Extracted records:
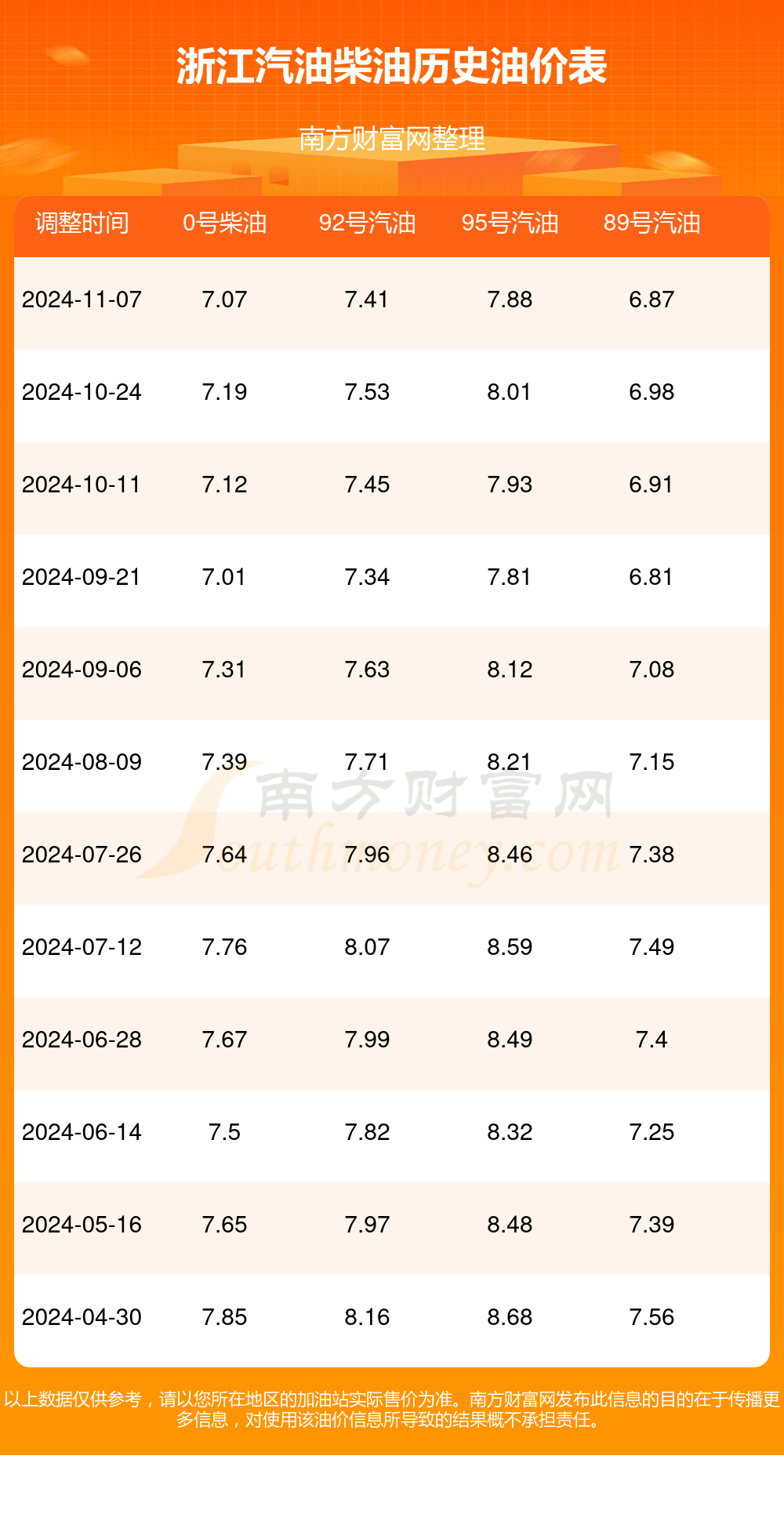 11月24日浙江汽油、柴油最新价格:本次油价调整时间是11月7日,92号汽油7.41元,下调了0.12元,下调幅达1.59%;95号汽油7.88元,下调了0.13元,下调幅达1.62%;89号汽油6.87元,下调了0.11元,下调幅达1.58%;0号柴油7.07元,下调了0.12元,下调幅达1.67%。
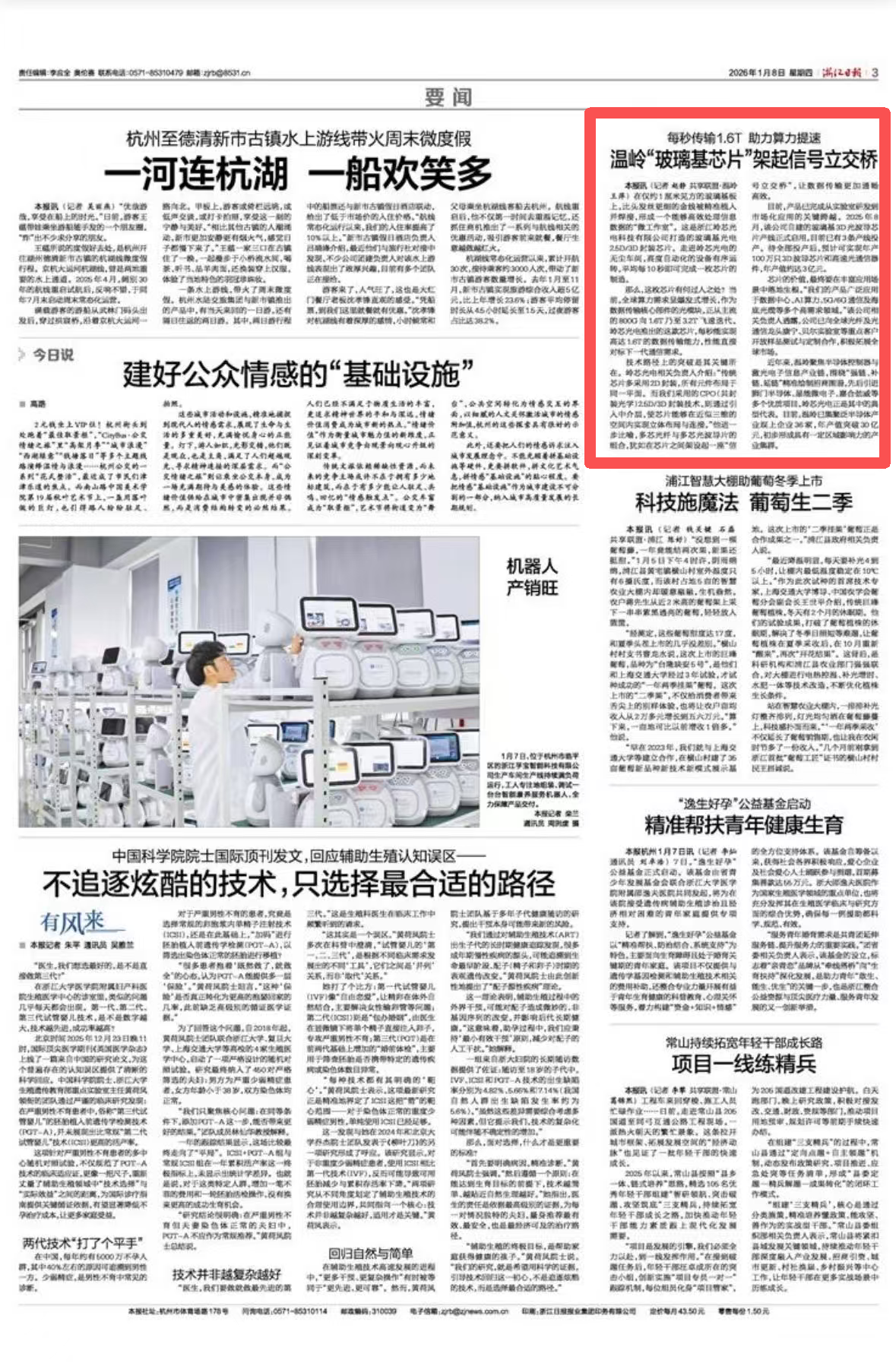 在仅约1厘米见方的玻璃基板上,比头发丝更细的金线被精准植入并焊接,形成一个能够高效处理信息数据的“微工作室”。这是浙江岭芯光电科技有限公司打造的玻璃基光电2.5D/3D封装芯片。走进岭芯光电的无尘车间,高度自动化的设备有序运转,平均每10秒即可完成一枚芯片的制造。
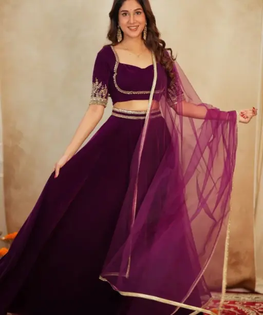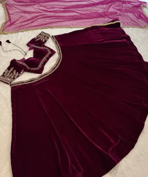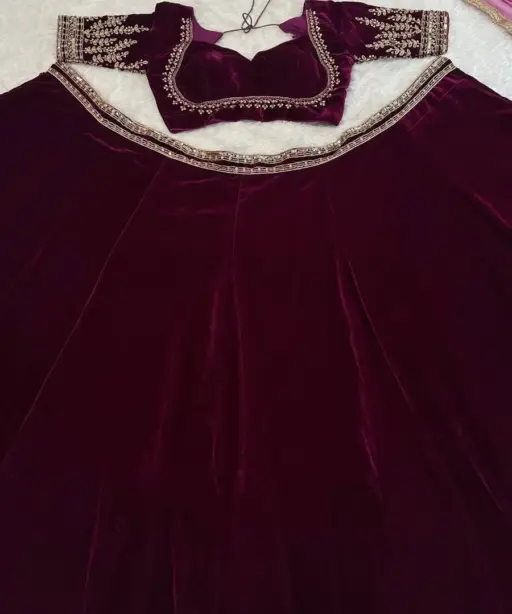 | Lehenga | 9000 velvet lehenga with Dori & sequins border work on waist can can attach, 3.5 meter flair |
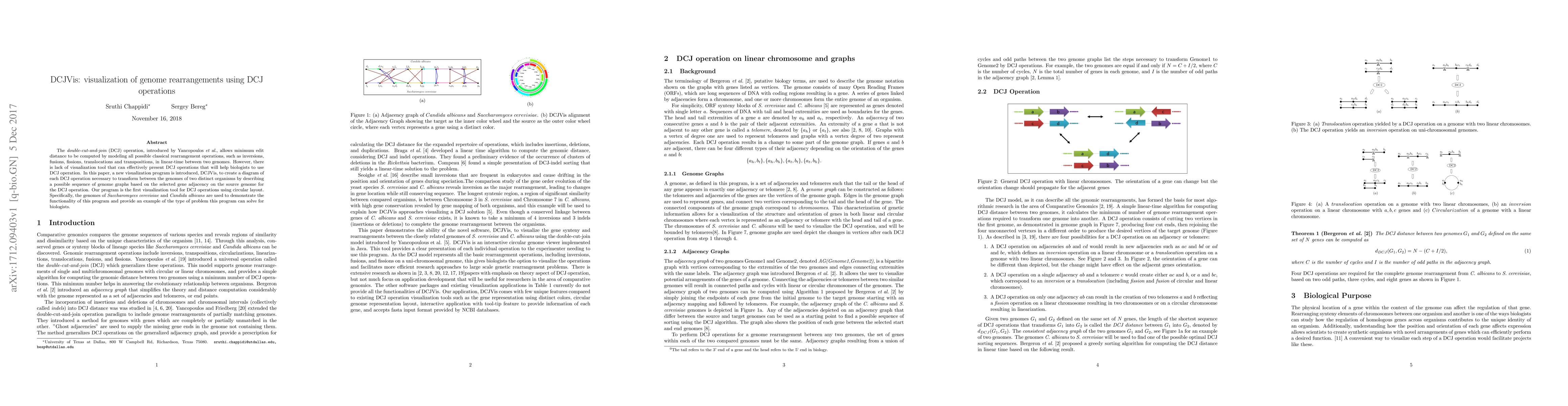 The {\em double-cut-and-join} (DCJ) operation, introduced by Yancopoulos \emph{et al.}, allows minimum edit distance to be computed by modeling all possible classical rearrangement operations, such as inversions, fusions, fissions, translocations, and transpositions, in linear-time between two genomes. However, there is lack of visualization tool that can effectively present DCJ operations that will help biologists to use DCJ operation. In this paper, a new visualization program is introduced, DCJVis, to create a diagram of each DCJ operation necessary to transform between the genomes of two distinct organisms by describing a possible sequence of genome graphs based on the selected gene adjacency on the source genome for the DCJ operation. Our program is the first visualization tool for DCJ operations using circular layout. Specifically, the genomes of \textit{Saccharomyces cerevisiae} and \textit{Candida albicans} are used to demonstrate the functionality of this program and provide an example of the type of problem this program can solve for biologists.
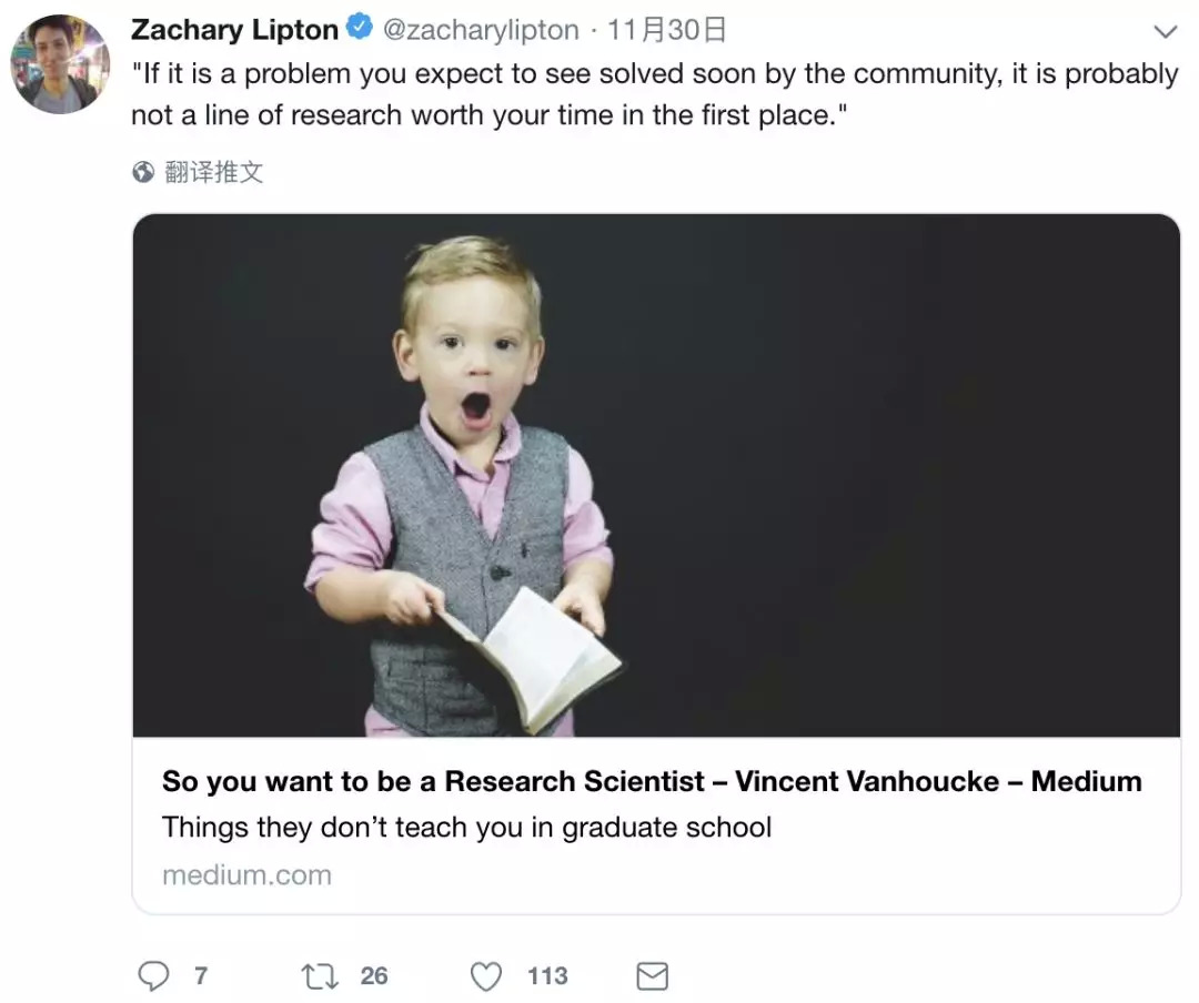 Zachary Lipton也转发了此文,评论道:“如果这是一个你希望社区很快解决的问题,那么它可能根本就不值得你花时间去研究。”
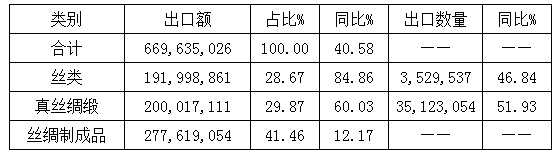 真丝绸商品出口额为6.7亿美元,同比增长40.58%,占我纺织品服装出口额的0.54%。同期纺织品服装出口额同比增长16%。
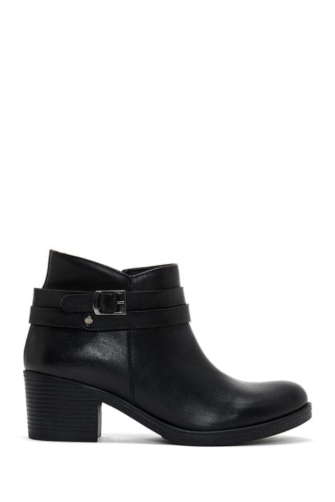 Kadın Siyah Deri Tokalı Topuklu Bot
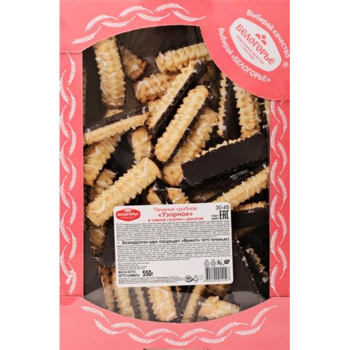 Печенье БЕЛОГОРЬЕ Узорное в темной глазури с декором, 550г в магазинах Лента

What you have to do →
Going by the data above, give back only the lines from the one containing "在仅约1厘米见方的玻璃基板上" through the one containing "meter flair |", exactly as they stand, both ends included and no images.

Solution to this problem →
 在仅约1厘米见方的玻璃基板上,比头发丝更细的金线被精准植入并焊接,形成一个能够高效处理信息数据的“微工作室”。这是浙江岭芯光电科技有限公司打造的玻璃基光电2.5D/3D封装芯片。走进岭芯光电的无尘车间,高度自动化的设备有序运转,平均每10秒即可完成一枚芯片的制造。
 | Lehenga | 9000 velvet lehenga with Dori & sequins border work on waist can can attach, 3.5 meter flair |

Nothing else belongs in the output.